To get a sense of supersonic speed and the views from high altitude, I traveled to Russia for an edge-of-space flight in a MiG-25 Foxbat fighter jet. We were to reach an altitude of 84,000 feet. Up there, almost one-third as high as VG’s SpaceShipTwo will go, the blackness of space, the curvature of the Earth and the thin atmosphere hanging over the planet is supposedly visible. Sure enough, when we reached apogee, the band of air enveloping Earth was stunningly thin - a curved ribbon of blueish-purple light against a pitch-black background. To get up that high, we needed to reach Mach 2.6, just over two-and-a-half-times the speed of sound. VG's SS2 maxes out at a little above Mach 3, so we were pretty close. It was hard to judge speed, though, because the higher we went, the fewer the reference points we saw.

Next up was a zero-G flight in an Ilyushin-76 (the equivalent of America's KC-135 "vomit comet" that NASA astronauts train in), again in Russia. In bursts of 30 seconds each on the dive part of the parabolic flight, one is completely weightless and learns to deal with the unfamiliar environment. My first instinct while floating was to breaststroke toward something, like when I had been a lifeguard as a teen. Wrong move. Since we were in air, not water, I went nowhere. One learns that to head in a particular direction, he must push off of something, then he will travel unimpeded in the opposite direction of the push. It was also cool to open a bottle of, say, Evian, then try to catch in your mouth the marbles of water escaping from the top. We flew a total of 10 weightless parabolas. I can see why they call these planes “vomit comets.” Had we done another, I probably would have become sick, as did three in our group.

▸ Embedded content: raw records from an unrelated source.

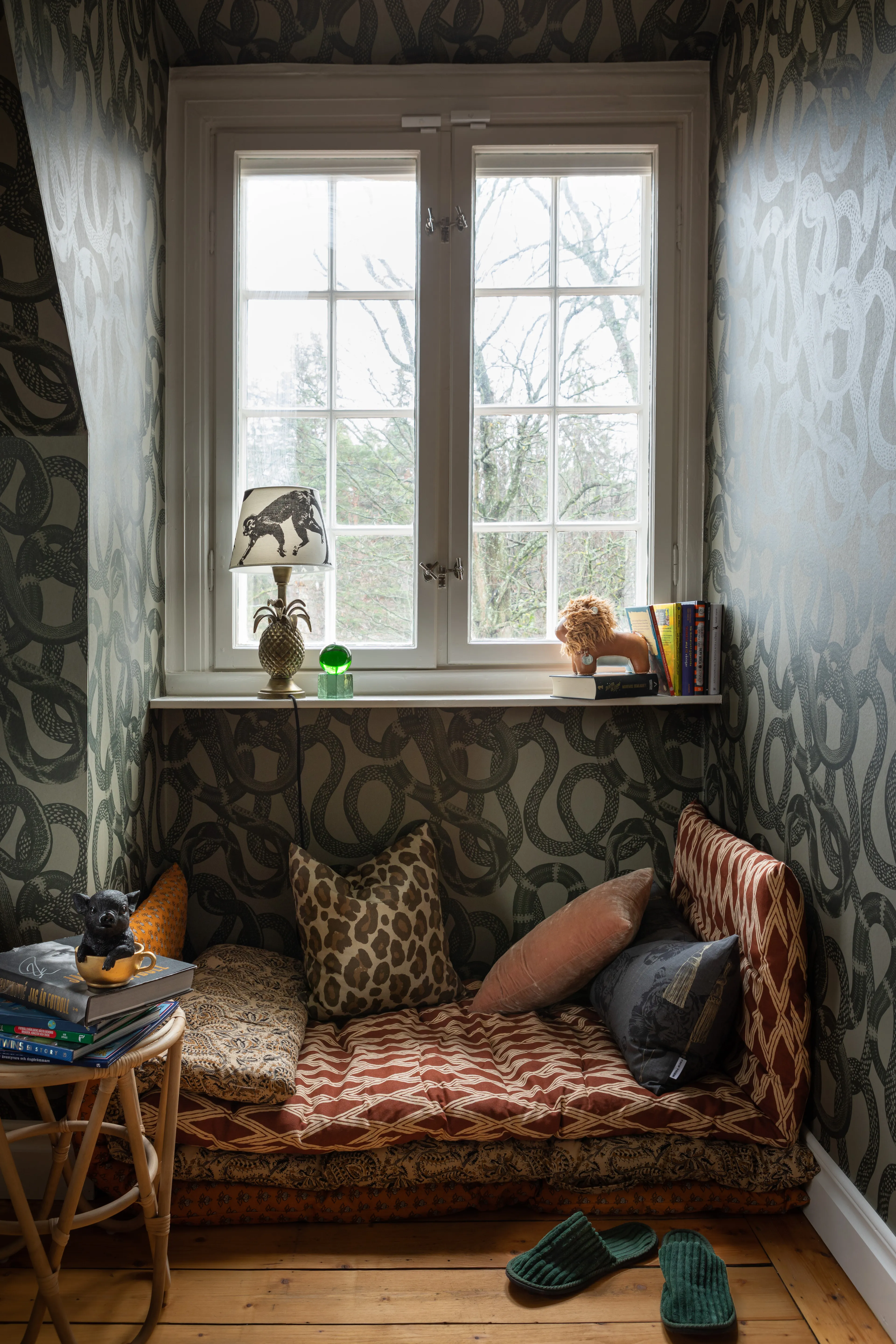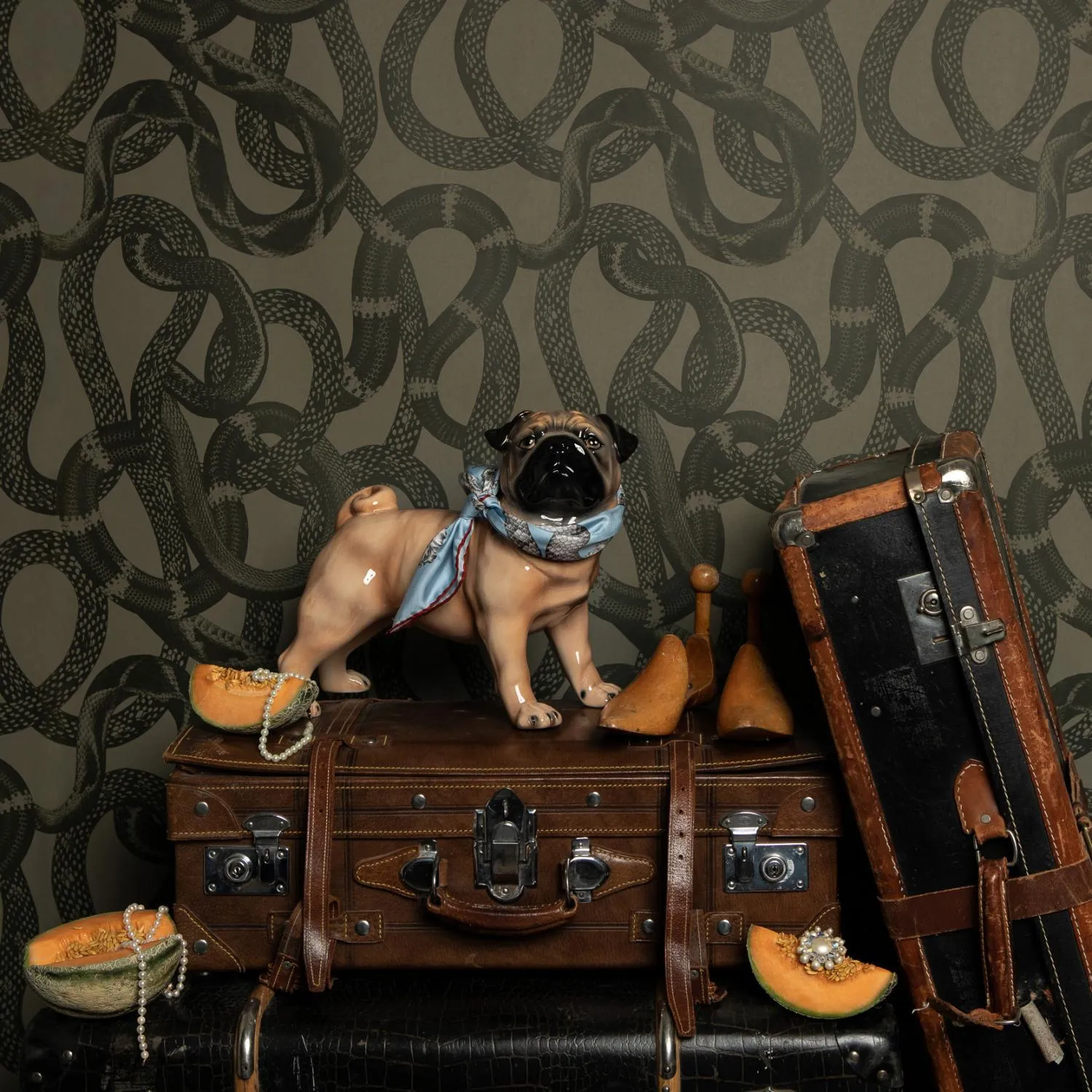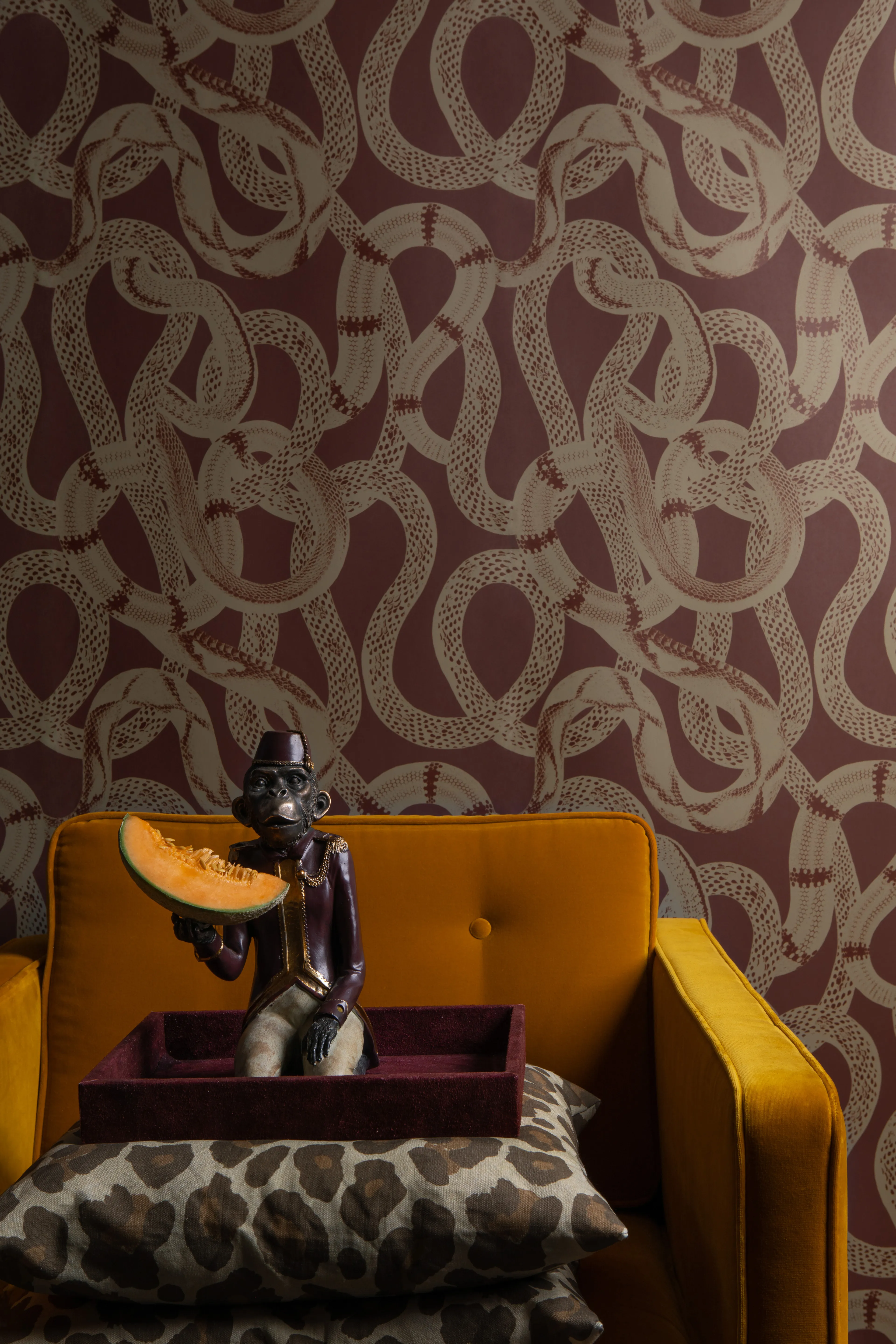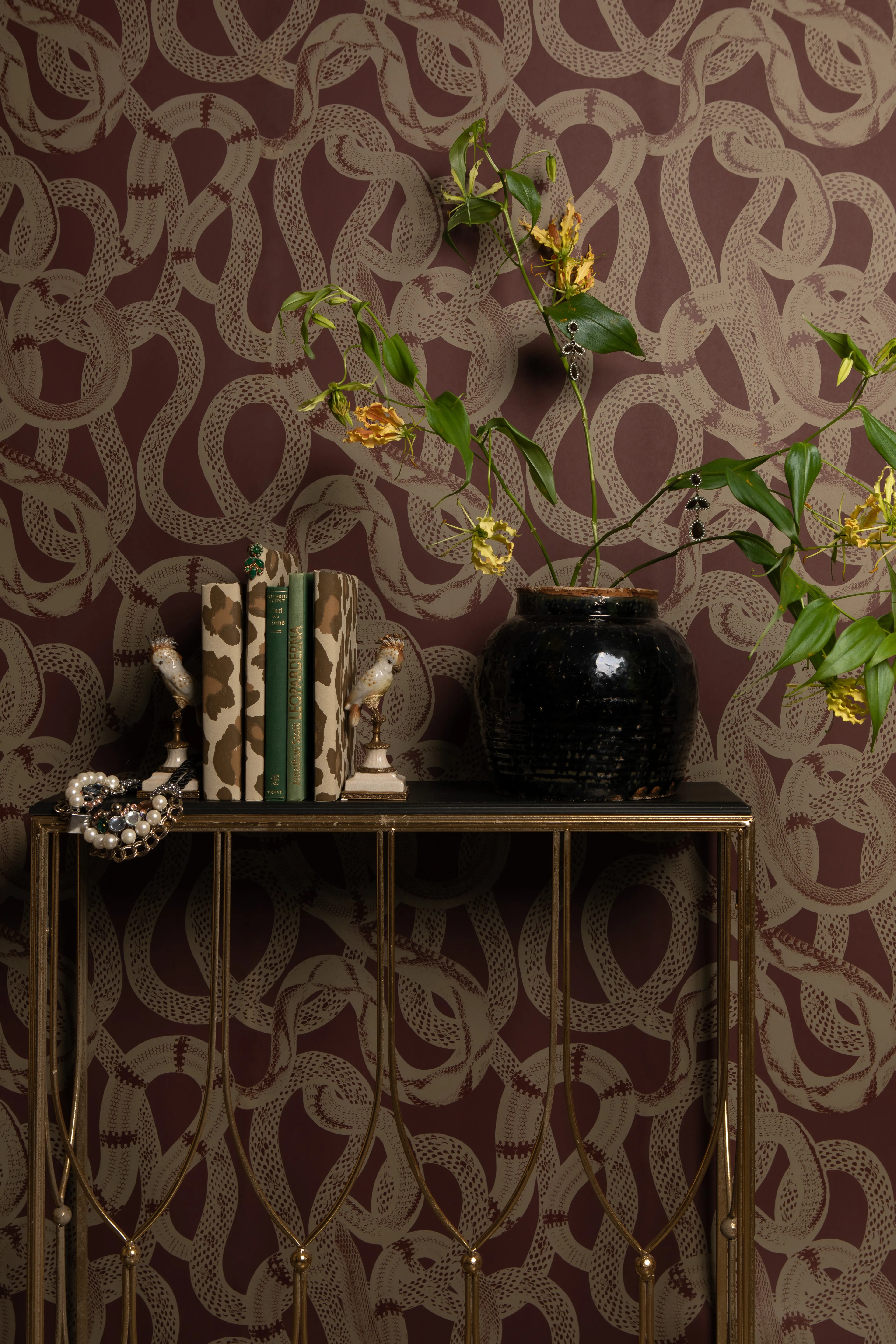 The wallpaper Snake Peek is tough and exciting with slithering snakes. A perfect wallpaper for the cool teenage son's room, or as an exclamation point in the hallway, guest bathroom, or living room.
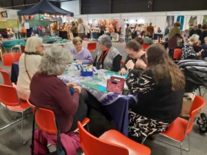De make & take tafel bood een moment van rust op de drukke beursvloer. Het was niet alleen een plek om creatief aan de slag te gaan, maar ook een fijne gelegenheid om kennis te maken met potentiële quilters én onze trouwe leden die ons met veel plezier kwamen begroeten. We hebben volop genoten van de mooie, inspirerende gesprekken en de enthousiaste reacties.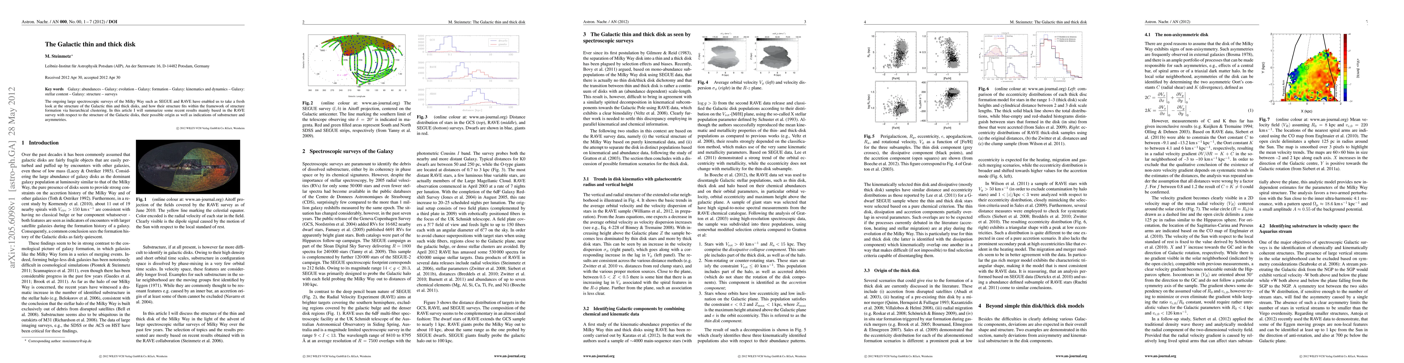 The ongoing large spectroscopic surveys of the Milky Way such as SEGUE and RAVE have enabled us to take a fresh look at the structure of the Galactic thin and thick disks, and how their structure fits within the framework of structure formation via hierarchical clustering. In this article I will summarize some recent results mainly based in the RAVE survey with respect to the structure of the Galactic disks, their possible origin as well as indications of substructure and asymmetries.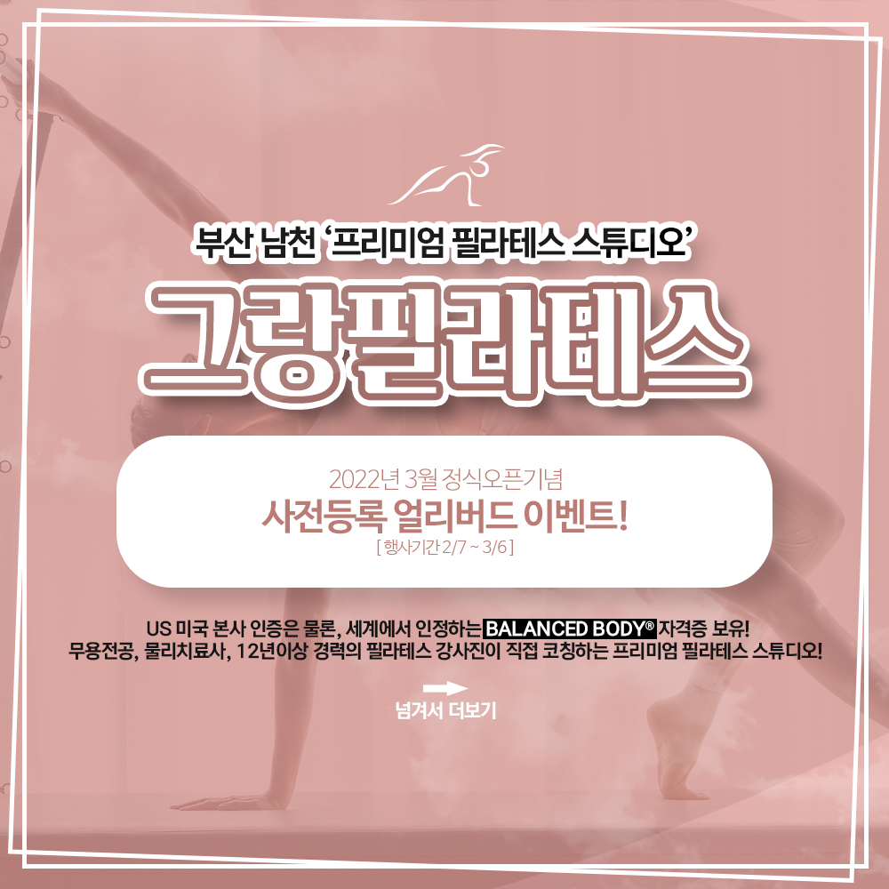 | 필라테스 스튜디오 업체 인스타그램 게시물(2) 시안 - GRAND PILATES. (0) | 2022.03.12 |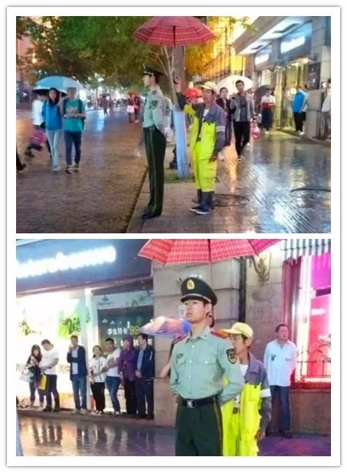 14哈爾濱中央大街上,一名武警戰(zhàn)士在路邊站崗,突然降下大雨。行人紛紛避雨或撐起雨具,這時(shí)一名環(huán)衛(wèi)工人,出現(xiàn)在了武警戰(zhàn)士的身后,伸長(zhǎng)手臂,把雨傘打在了他的頭頂?;蛟S,戰(zhàn)士已經(jīng)在雨中站了很長(zhǎng)時(shí)間;或許,環(huán)衛(wèi)大哥已經(jīng)勞累了一整天。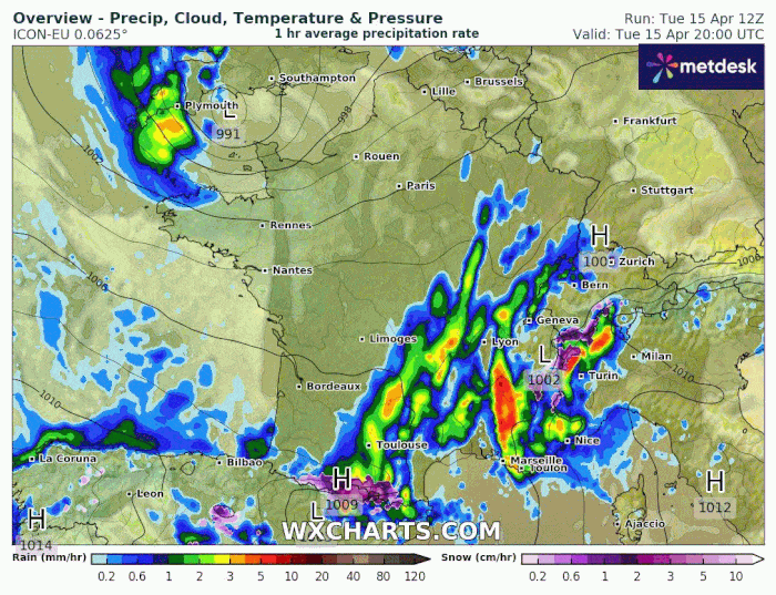Des orages ont éclaté au sud-est ce mardi. L'instabilité va perdurer puisqu'un minimum dépressionnaire se creusera dans le golfe de Gênes ces mercredi 16 et jeudi 17 avril 2025. Il va causer l'ondulation d'un front pluvieux durant ces deux jours sur l'est de la France et la Suisse, couplé à un retour d'est sur les Alpes frontalières où les cumuls seront très importants.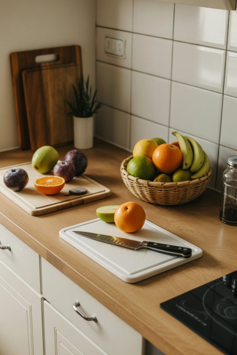 Start your decluttering by clearing off your countertops. Keep only the essentials, like a few cutting boards and your favorite knives. A tidy space makes cooking more enjoyable and stress-free!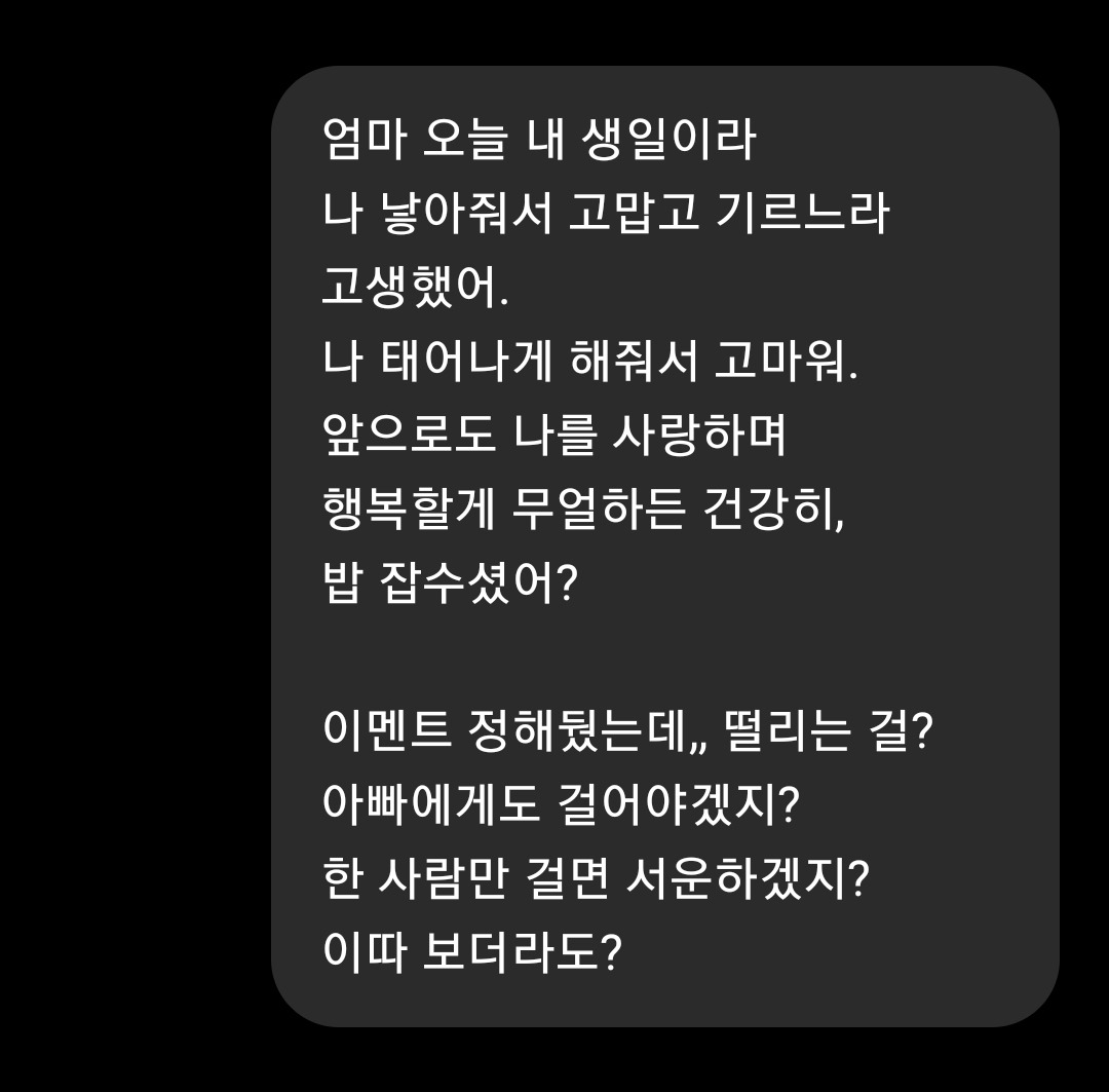 엄마, 아빠에게 이 멘트를 쳐서 전화(대화)를 했다.

Finally, I went to train, this time in the U.S., in the NASTAR centrifuge near Philadelphia, Pennsylvania. The circular device, which spins like a giant “clock hand” with the test subject in a type of crucible at the end, is able to simulate similar G-forces to what will be experienced on the VG flight, maxing out at 6 G’s, or six times one's body weight. We learned how to breathe with essentially the weight of a small elephant on our chests, employing something called the “hook maneuver” (look it up) to keep blood in the upper torso. It's not easy, but it works. So I will not be surprised by, and will be prepared to handle, similar G-forces experienced on SS2. And, believe me, we will experience them.

By the way, the 50 or so astronauts I have interviewed over the years, including Senator John Glenn, Neil Armstrong and Buzz Aldrin, all say to focus on the view from space, not the weightlessness, speed of the craft or G-forces. Seeing Earth up there supposedly is life-changing. I got a little taste of that in the MiG, and I can’t wait to see it from higher up. Let’s light this candle, and get this party started!